Jakarta, CNBC Indonesia - Perusahaan minyak independen asal China mulai agresif merambah pasar energi Irak, negara produsen minyak terbesar kedua di OPEC. Dengan investasi miliaran dolar dan strategi efisiensi tinggi, mereka berupaya menggandakan produksi hingga 500.000 barel per hari pada 2030, di tengah penarikan diri sejumlah raksasa migas Barat.
Laporan Reuters pada Senin (4/8/2025) menyebut perusahaan minyak independen asal China, seperti Geo-Jade Petroleum, United Energy Group, Zhongman Petroleum and Natural Gas Group, dan Anton Oilfield Services, semakin agresif berinvestasi di Irak. Baghdad disebut saat ini telah menarik perhatian pemain non-negara China di tengah penurunan keterlibatan ExxonMobil dan Shell dalam proyek-proyek minyak di kawasan tersebut.
Para eksekutif dari empat perusahaan migas China memperkirakan produksi mereka di Irak akan melonjak dua kali lipat menjadi 500.000 barel per hari pada 2030. Sebagai informasi, saat ini China National Petroleum Corporation (CNPC) sendiri sudah menyumbang lebih dari setengah produksi minyak Irak dari ladang-ladang utama seperti Haifaya, Rumaila, dan West Qurna 1.
"Perusahaan independen China memiliki biaya manajemen jauh lebih rendah dibandingkan pemain Barat, dan lebih kompetitif dibandingkan perusahaan milik negara China," ujar CEO Geo-Jade Petroleum, Dai Xiaoping.
Langkah ekspansif ini didorong oleh perubahan kontrak minyak Irak dari sistem biaya tetap menjadi kontrak bagi hasil, yang lebih fleksibel dan menguntungkan. Model ini menarik bagi perusahaan independen yang lincah dan lebih toleran terhadap risiko dibandingkan perusahaan besar lainnya.
"Mereka dikenal karena eksekusi proyek yang cepat, kepatuhan ketat terhadap tenggat waktu, dan toleransi tinggi terhadap tantangan keamanan," ujar Ali Abdulameer dari Basra Oil Co, yang terlibat dalam kontrak asing di Irak.

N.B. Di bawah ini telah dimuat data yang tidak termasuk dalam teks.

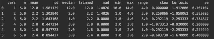 먼저 R 의 describe() 함수 결과를 파이썬에서 출력해보자.
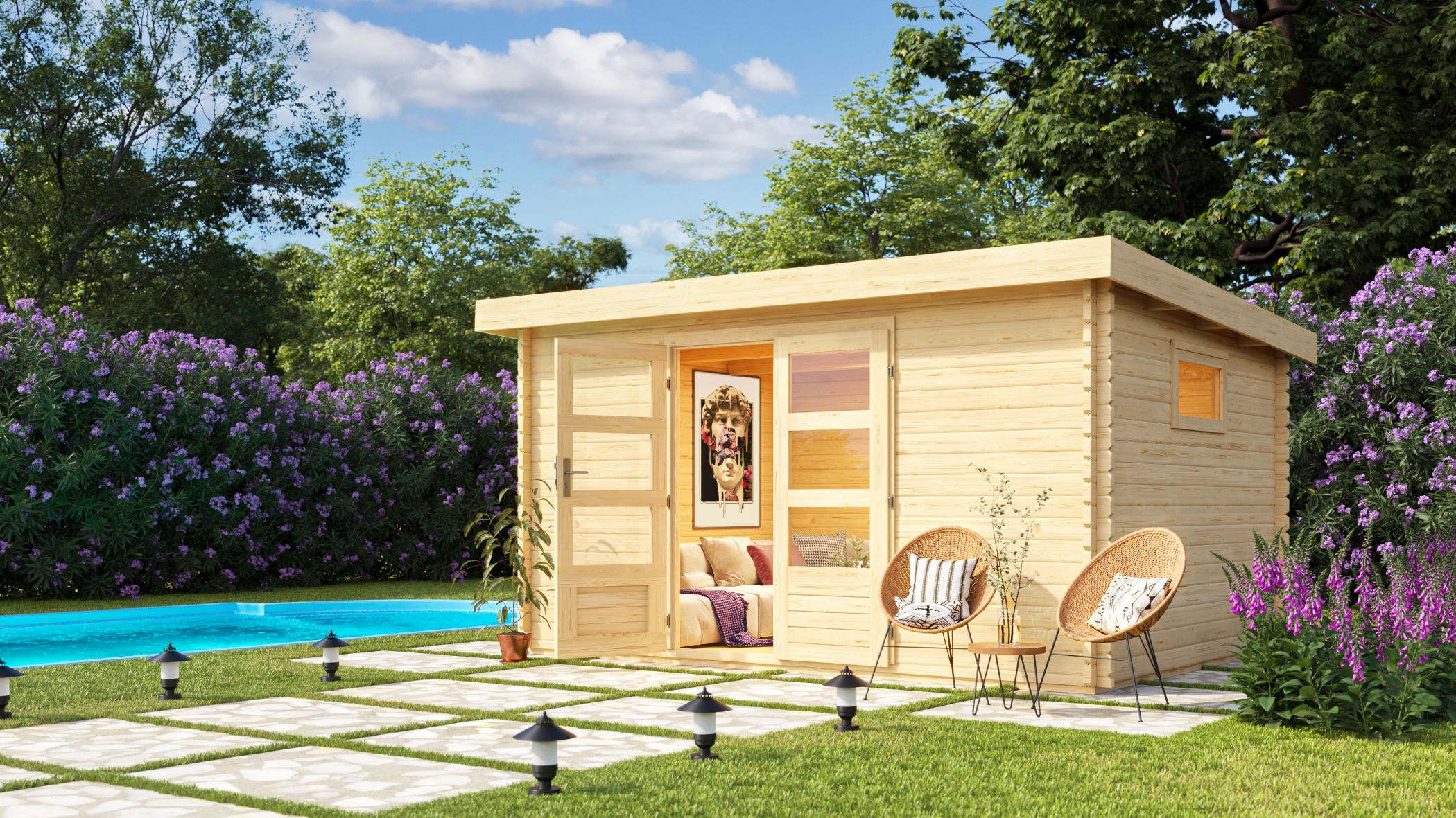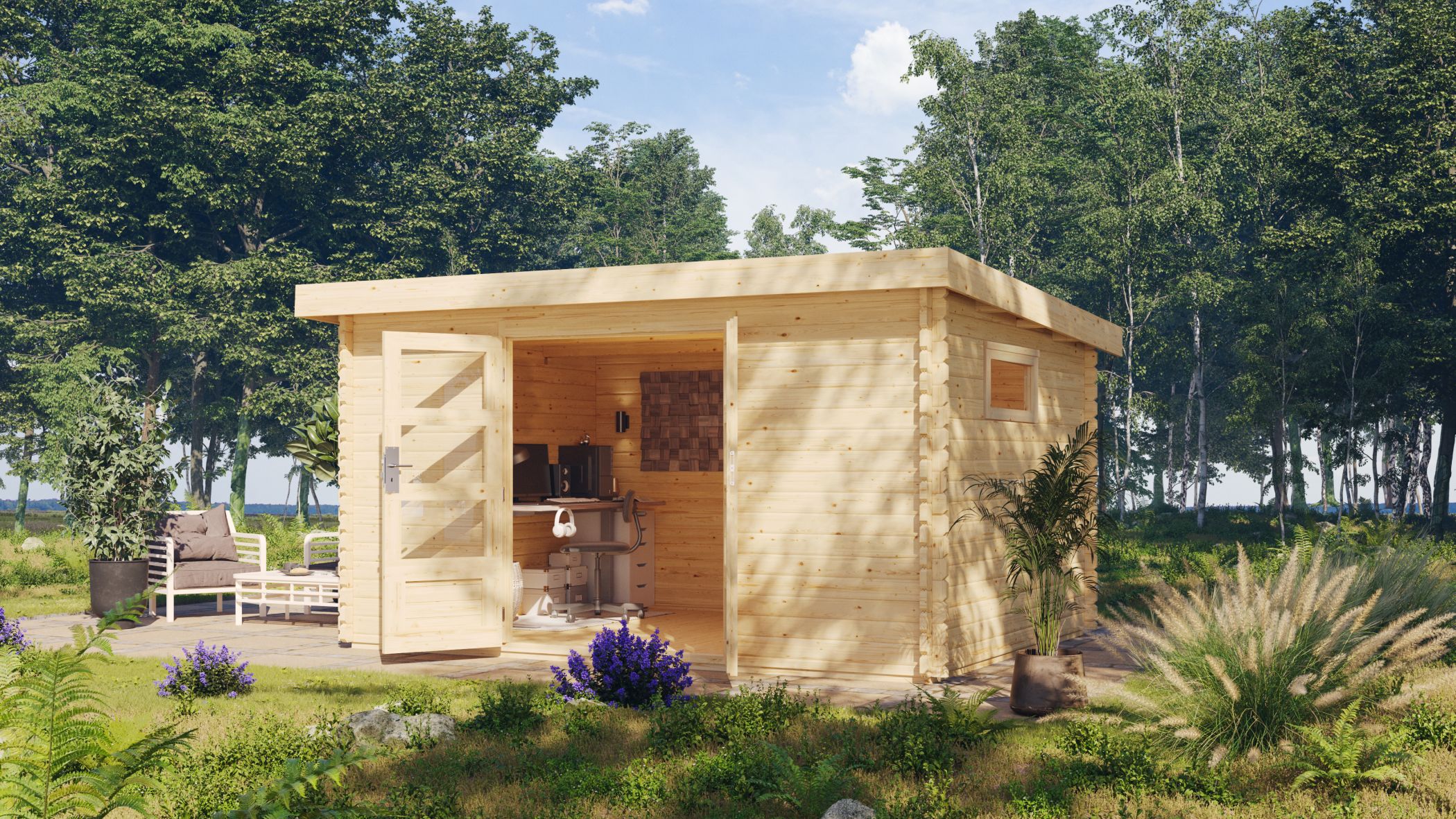 Hinweis: Fußboden und Dacheindeckung optional erhältlich (nicht im Lieferumfang des Hauses enthalten)!
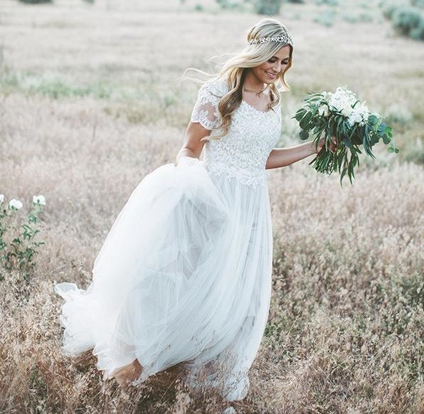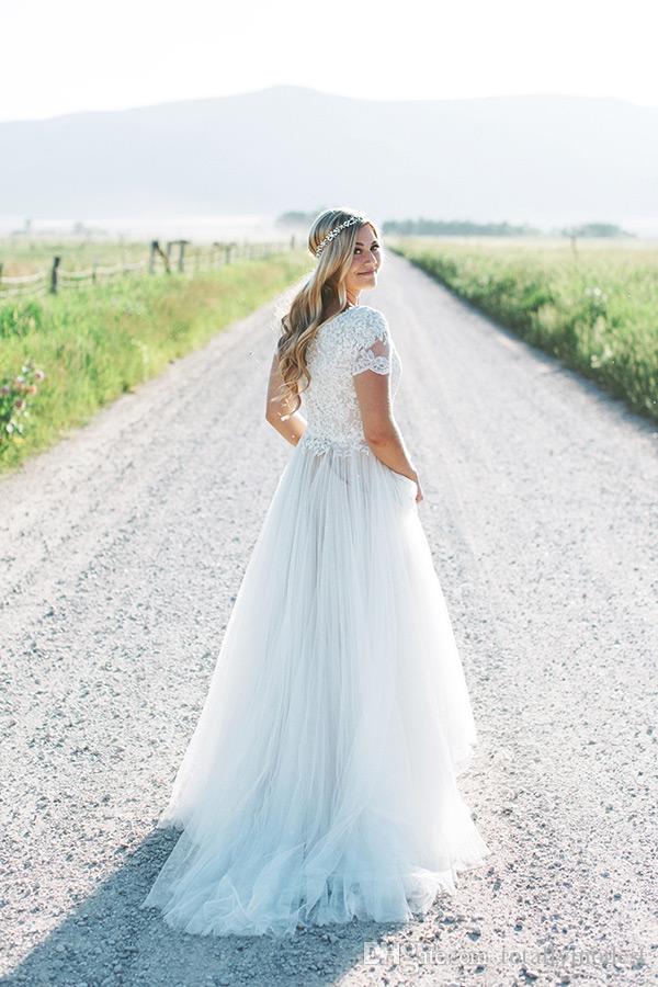 Lace Top Tulle Skirt Boho Modest Wedding Dresses With Short Sleeves A-line Short Train Scoop Neck Women Bohemian Bridal Gowns
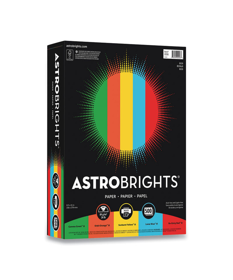 Bold colors get all the attention! When you need to stand out with high-impact colors, Astrobrights® Colored Paper is a brilliant choice. Brighter colors. Brighter ideas.™ Easily create vibrant presentations, fliers, brochures, school projects, signs, posters and more. As this paper is also more substantial, 20% thicker than ordinary paper, you can also achieve great results whether you're printing one- or two-sided documents. Plus, because the cosmic, universe-inspired color choices already create a vibrant, eye-catching background for your materials, you might even be able to save money by foregoing full-color printing.
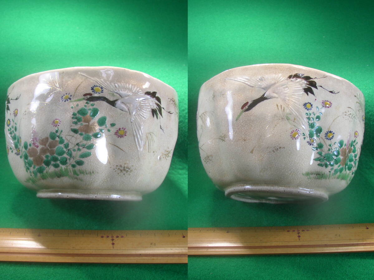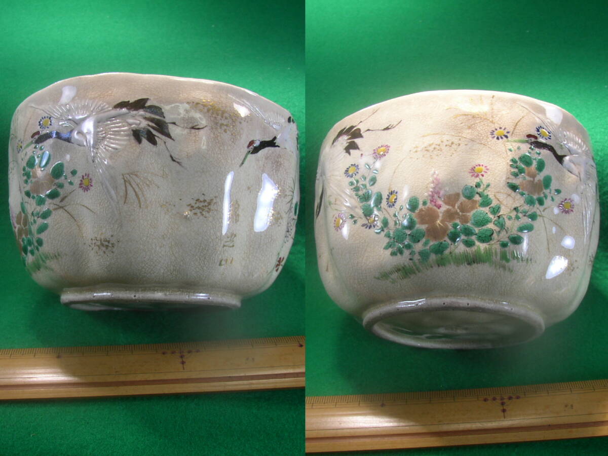 茶碗 鶴に秋草の図.六代(七代)錦光山宗兵衛.桐箱入.金銀彩色絵.絢爛豪華也.100年以上の時代物・仁清風色絵清水焼.粟田焼.京焼. この度の「鶴に秋草の図」の「茶碗」は明治から大正頃の「六代(七代)錦光山宗兵衛」の作陶と思われる「茶碗」で胴下部に「錦光山」と「金彩」で高台に「錦光山」と「陶印」のあります。
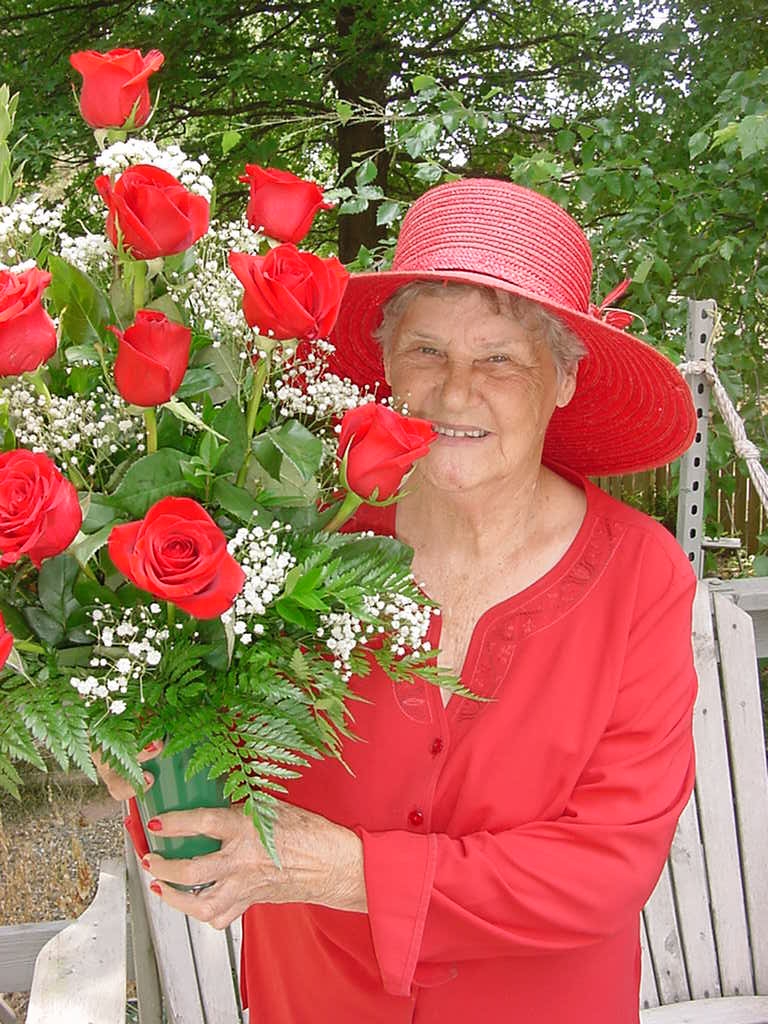 Friday morning my mother in law, Audine Twilla Artz, 90 1/2 years old, passed away peacefully and is now at home in heaven. My husband encouraged me to participate in the Artwalk in St. Charles anyway. Audine had left us in spirit some time ago and now was released to new life, in heaven with the Lord, her husband and loved ones gone before. So, over the weekend I painted this larger than life Iris in her memory. Here is the purple iris and Audine blossoming in red.
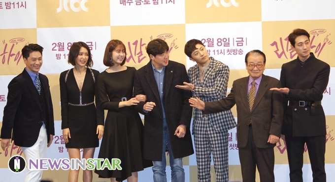 7일 오후, 서울시 강남구 논현동 임패리얼 팰리스 호텔에서 JTBC 새 금토드라마 '리갈하이'의 제작발표회가 열려 배우 정상훈, 채정안, 서은수, 진구, 이순재, 윤박이 참석해 포토타임을 갖고 있다.
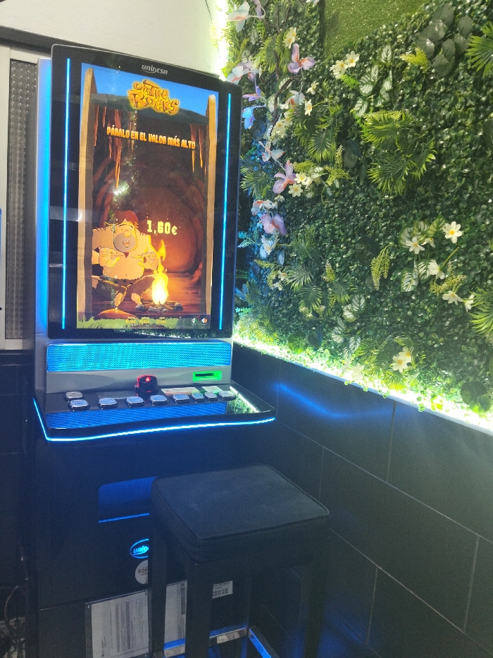A slot machine with a stool placed in front of it. The machine's screen displays a cartoon character with a campfire, set against a cave backdrop. Text in Spanish is visible at the top of the screen. The machine is illuminated with blue neon lighting. A decorative wall of artificial plants and flowers is to the right of the machine. The background consists of a dark tiled wall.
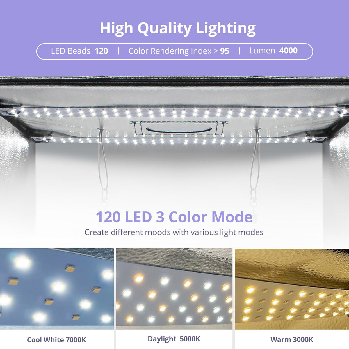 Limostudio 24 X 24 Inch (New Model) Led Light Box Photo Shooting Tents, 120 Led > 4000 Lumen, Cri > 95, Elastic Ceiling String C
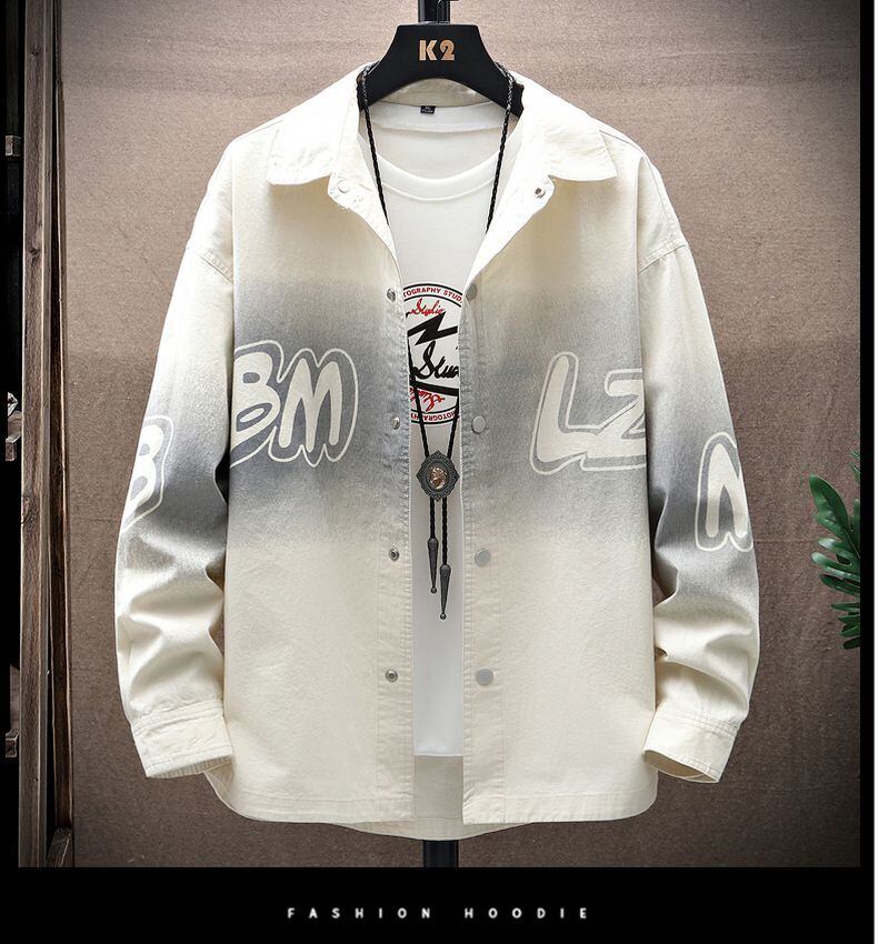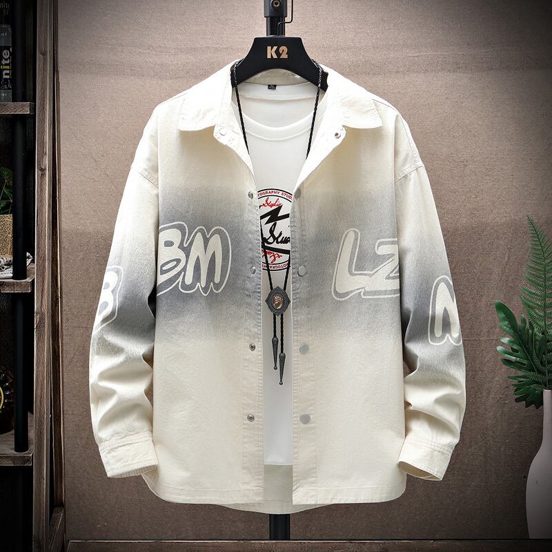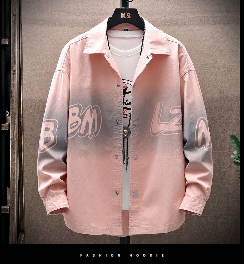 Spring casual shirt men's ins tide long-sleeved pink outerwear shirt youth high students gradient trend coat ロング ピンク カジュアル スプリング 春物 doushi1915862965
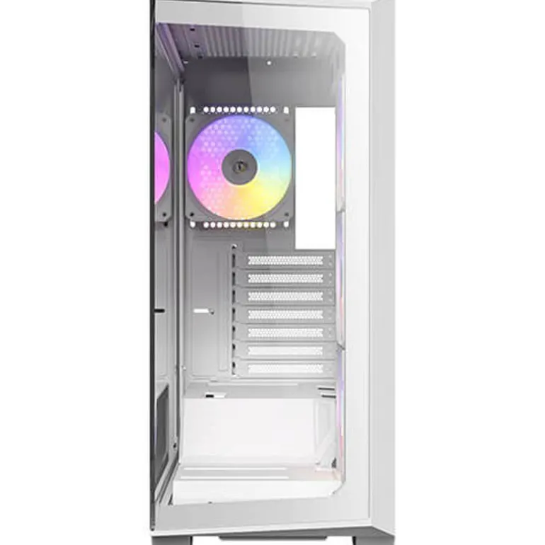 - Ventiladores incluidos: 3 ventiladores inversos PWM ARGB de 120 mm en el lado derecho + 1 ventilador PWM ARGB de 120 mm en la parte trasera
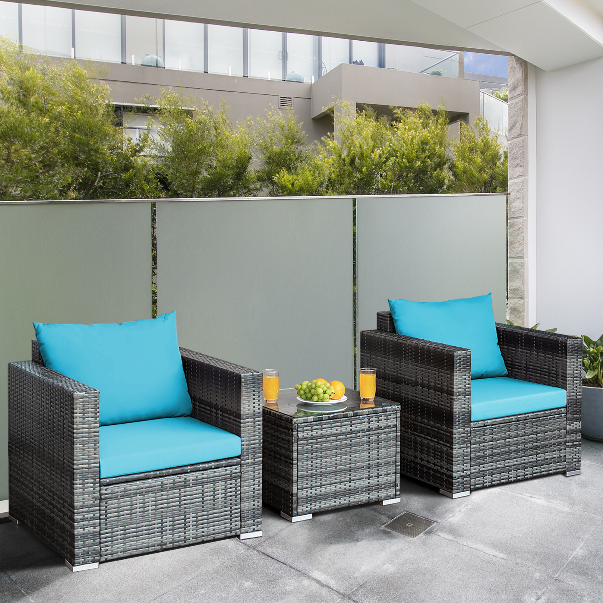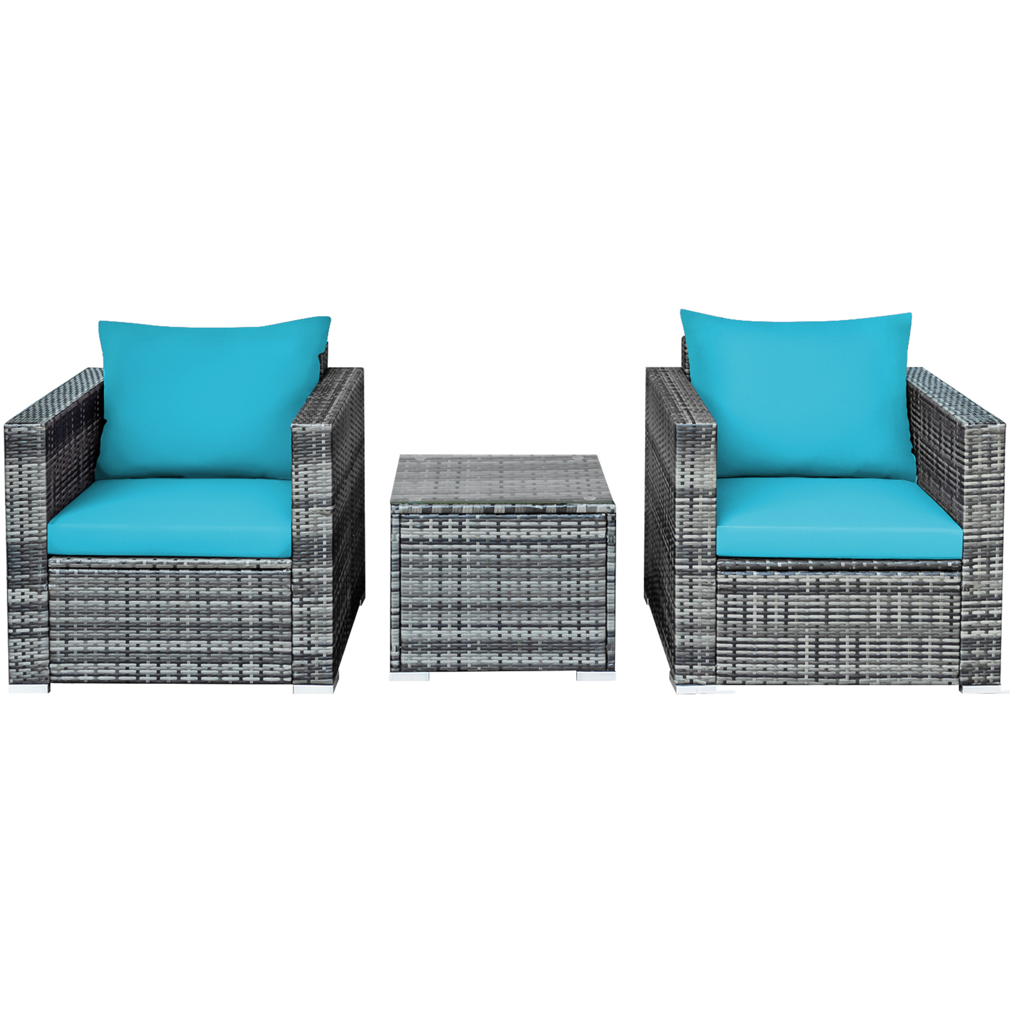 Gymax 3PCS Rattan Patio Conversation Furniture Set Outdoor Yard w/ Turquoise Cushion

"Berbisnis dengan perusahaan China jauh lebih mudah dan tidak serumit perusahaan Barat."
Pada Mei lalu, konsorsium yang dipimpin Geo-Jade menyetujui investasi senilai US$848 juta (Rp13,74 triliun) untuk proyek South Basra, termasuk peningkatan kapasitas ladang Tuba hingga 100.000 barel per hari serta pembangunan kilang berkapasitas 200.000 barel per hari. Produksi di ladang ini ditargetkan mencapai 40.000 barel per hari pada pertengahan 2027.
Proyek itu juga mencakup pengembangan kompleks petrokimia dan dua pembangkit listrik, dengan kebutuhan dana mencapai miliaran dolar. Dai menyebut proyek ini akan merevitalisasi ladang yang sebagian besar tidak aktif.
Zhongman Petroleum juga mengumumkan rencana investasi senilai US$481 juta (Rp7,79 triliun) untuk blok Eufrat Tengah dan Baghdad Timur Utara, yang dimenangkan dalam tender 2024. Sementara Zhenhua Oil, perusahaan kecil milik negara China, berencana menggandakan produksi ladang minyak Ahdab menjadi 250.000 barel per hari pada 2030.
Namun, ekspansi perusahaan China tak lepas dari kritik. Muwafaq Abbas, mantan manajer operasi minyak mentah Basra Oil, menyampaikan kekhawatiran soal transparansi dan standar teknis perusahaan China yang terlalu bergantung pada tenaga kerja asal negaranya dan memberi peran kecil bagi pekerja Irak.
"Proyek murah dari perusahaan China bisa mengorbankan tujuan Irak untuk memperkenalkan teknologi yang lebih maju," kata Abbas.
Meski demikian, tidak semua perusahaan Barat hengkang dari Irak. TotalEnergies meluncurkan proyek senilai US$27 miliar (Rp437,4 triliun) pada 2023, sementara BP diperkirakan akan berinvestasi hingga US$25 miliar (Rp405 triliun) untuk membangun ulang ladang minyak di wilayah Kirkuk.